De la vida misma
La incomunicación en las grandes urbes es cosa habitual, pero hay quien tiene el coraje de ir a contracorriente.
“Había una vez...”, así tengo que empezar, porque lo que voy a contar tiene algo de fábula, o sea, fabuloso; como los cuentos, cuyo recurso literario es sorprender al lector.

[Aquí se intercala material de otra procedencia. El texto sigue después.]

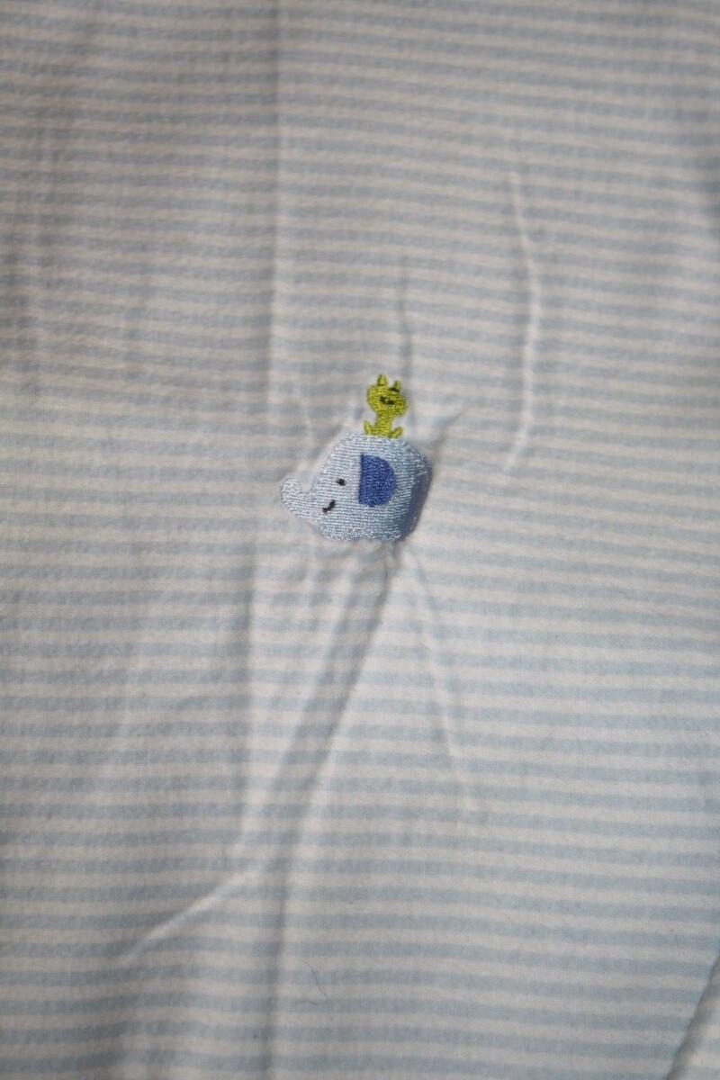 (1) Blue/White Stripes with Sewn Frog and Elephant Receiving Blanket, Approx 28"x28"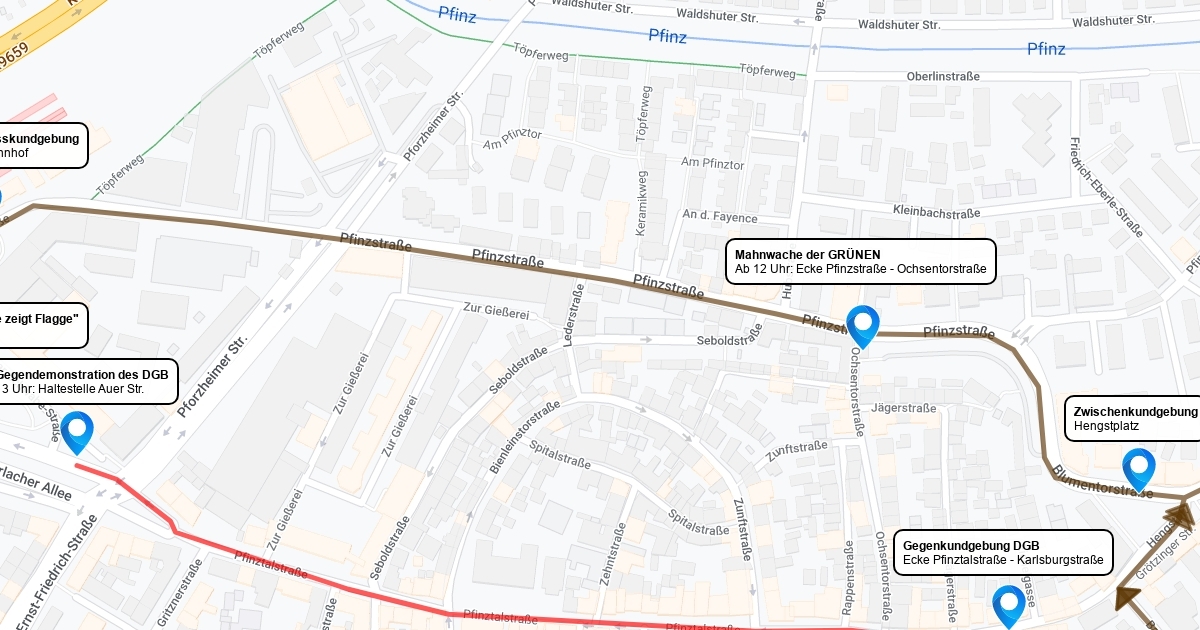 Karte für den geplanten Naziaufmarsch am 3. Juni 2017 in Karlsruhe Durlach

Un problema de las grandes urbes, quizás el primero, es la incomunicación: muchas personas y cada una a lo suyo. Pues bien, el reto que se plantea cada día Paco, nuestro personaje, es alterar el orden comunicativo establecido, o mejor, incomunicativo. Empieza así: «Aunque me da verdadero “corte” acercarme de primeras a alguien que no conozco, voy saludando a la gente en la estación y en el tren. Muchas caras se repiten cada día. En Chamartín empecé a saludar a un señor que acabó ofreciéndome trabajo para mi hermano». Una vez le había contado que su hermano es informático, y el buen hombre, que resultó ser director general de una gran empresa, le ofreció trabajo para cualquier informático que Paco conociera. «A mi hermano no le hizo falta –sigue Paco–, pero le he mandado varios currículos, y entre ellos el de una chica a la que también conocí en la estación, una vez que tuve que esperar un buen rato en la cola. Ayer me volví a encontrar con el señor y me dijo que había entrevistado a la chica y que la iba a contratar. Al rato, me llamó ella para decírmelo». Haz el bien, y no mires a quién. «Esta “locura” de procurar saludar a gente desconocida –concluye– produce frutos materiales, en algunos casos, y espirituales, espero que en todos».